Switchability of the helical structure of DNA

Mickey Schurr
Department of Chemistry, University of Washington

DNAs in solution are NOT simply flexible "one-dimensional" crystals! Over at least parts of their sequences, native DNAs in solution apparently exhibit a cooperative equilibrium among different helical structures (or conformations) within the B-family. These alternative conformations correspond to different "basins" of the potential-of-mean-force (as a function of the relevant structural coordinates). When two slowly interconverting conformations exhibit different intrinsic curvatures, then a bend can occur either by flexing each part of the sequence at its fixed conformation, or by converting part of the sequence from one unflexed helical conformation to the other, or by some combination of both processes. However, the time required to interconvert different helical structures substantially exceeds that to relax simple flexures. Consequently, the bending rigidity should be time-dependent, being stiffer on short time-scales than at very long times. Experimental results demonstrating this phenomenon will be discussed. Evidence that sufficient coherent bending strain shifts the structural equilibrium toward an alternative, torsionally stiffer, state will also be discussed.

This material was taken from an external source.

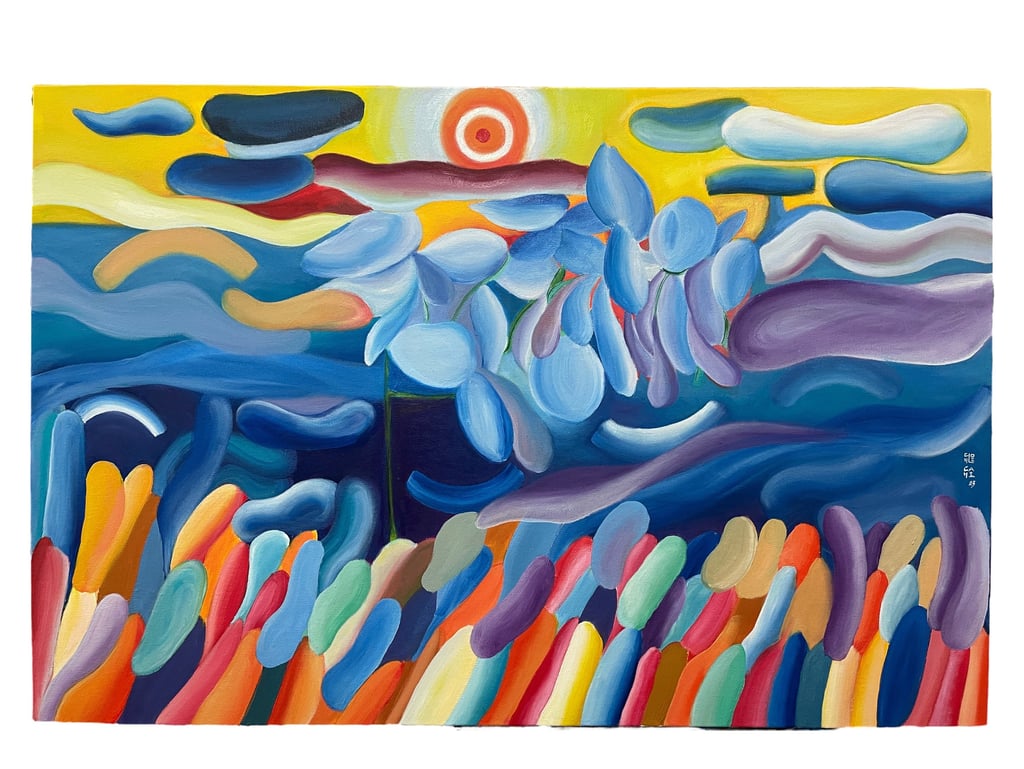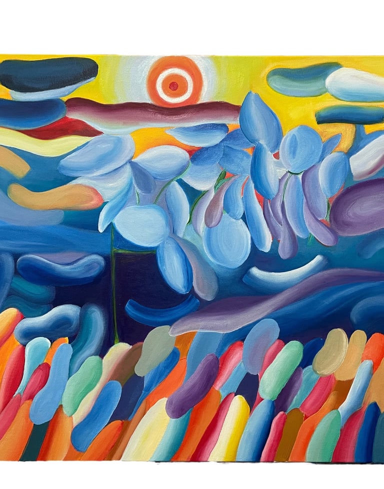 with deliberate brushstrokes and colours into a calm and abstract composition, drawing the viewer in. It is open, and allows open interpretation, while adding life and energy into the space.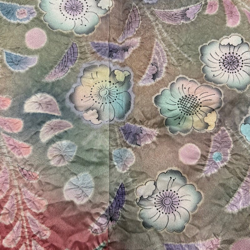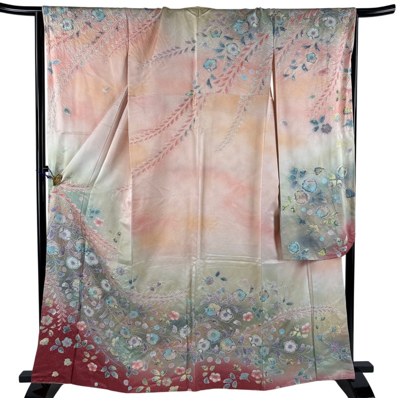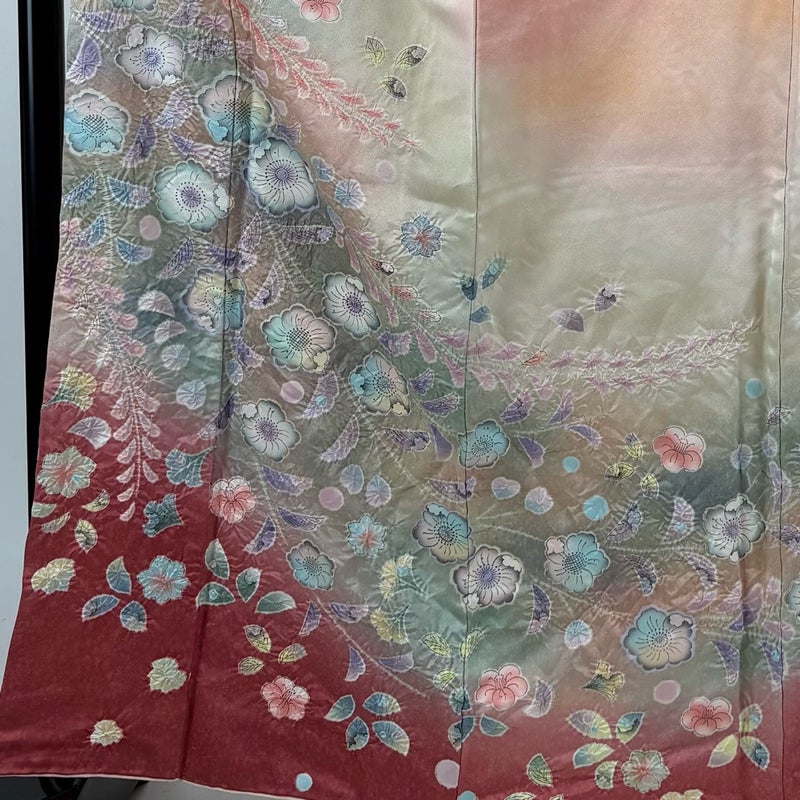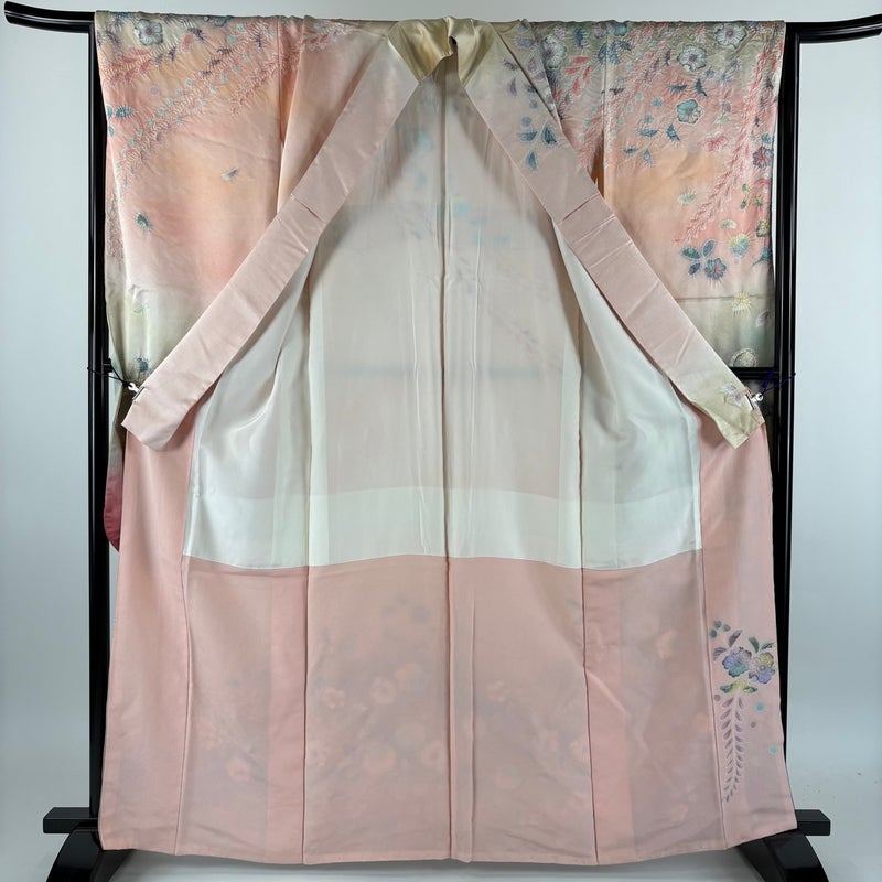 【着物ランク】名品 【素材】正絹 【身丈】約163cm 【裄丈】約69cm 【袖丈】約105cm 【袖幅】約34cm 【前幅】約24.5cm 【後幅】約29cm 【サイズ】L 【着物仕立て】袷 【着用時期】10~5月 【状態ランク】ランクB 【着物着用シーン】成人式、謝恩会

Due to the cooperative nature of the structural equilibrium, the average domain sizes of regions of different helical structure are rather large. Hence, local perturbations of the helical structure can influence the average structure of the flanking DNA up to rather large distances from the site of the perturbation. Evidence will be presented that various perturbations, including (i) a particular change in sequence over a small region, (ii) a change in helical structure of that sequence, and (iii) site-specific binding of a transcriptional enhancer protein, can affect the average secondary structure of the flanking DNA up to a few hundred base-pairs away from the site of the perturbation.
Evidence is presented to demonstrate the ultra-slow kinetics of these cooperative equilibria, and the ability of the enzyme, topoisomerase I, to equilibrate metastable helical structures that commonly prevail after relaxation of superhelical stress. This action is proposed to be a second function of topoisomerase I, which functions primarily to relax superhelical stress in closed circular DNAs.